Tuesday, March 4, 2014

I'm happy, but I'm not supposed to be.


Apparently, I am not supposed to be happy.  This is not necessarily news to me, but this statement has been marinating in my mind for a month or so.  Let me explain how this statement came to be about and (if you haven’t already guessed) why it is ludicrous.
Awhile ago, I had the pleasure of reconnecting with an old friend over dinner.  We have been friends for over twenty years, but had not sat down to talk for about eight years or so.  During this lapse of time, both my friend and I experienced the “curveballs” that life can so cruelly throw our way, and we spent some time catching each other up and reflecting on our lives, the lessons we learned, etc.

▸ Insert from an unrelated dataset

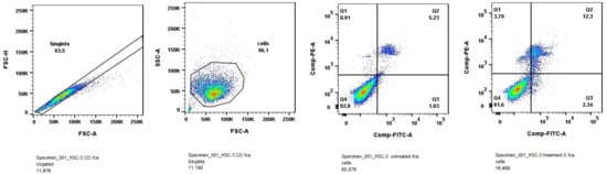 After 24 h treatment of HSC-3 cell line with IC50 doses of Compound 5, the increase in cells in early apoptosis was measured (1.03% in untreated control and 2.34% after treatment), but more obvious effect was observed in late apoptosis, where the increase was from 5.23% to 12.3%.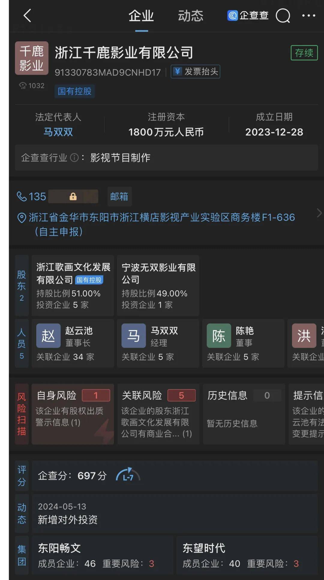 其中,福建恒业影业存在股权出质、失信被执行人、被执行人、限制高消费、股权冻结、司法案件等多项负面记录。

At one point during the evening, my friend looked at me and said “You sound really happy.” To which I replied, “You know, I really am.” And honestly, I am.  If you look at my circumstances, or at the “curveballs” I’ve been given, you may think otherwise.  In the eight year interim since my friend and I spoke I:

 ·         Left my husband of thirteen years and became a single mom of four

·         Due to the marriage I was in, I was also swimming in debt that I am still crawling out of.  Because of this…

·         I moved back home with my mother

 Romantic comedies are made about circumstances like this. I am specifically thinking of Hope Floats starring Sandra Bullock and Harry Connick Jr. But I don’t look like Sandra Bullock and I don’t have a hunky Harry Connick Jr. wooing me, but I digress.
If you had asked me twenty years ago what I wanted my future to look like, I would not have joyously listed the above circumstances.  But what happened to me has shaped my character, and made me a better person.  I have been through the fire and I have come out of it whole and stronger.  That is what makes me happy.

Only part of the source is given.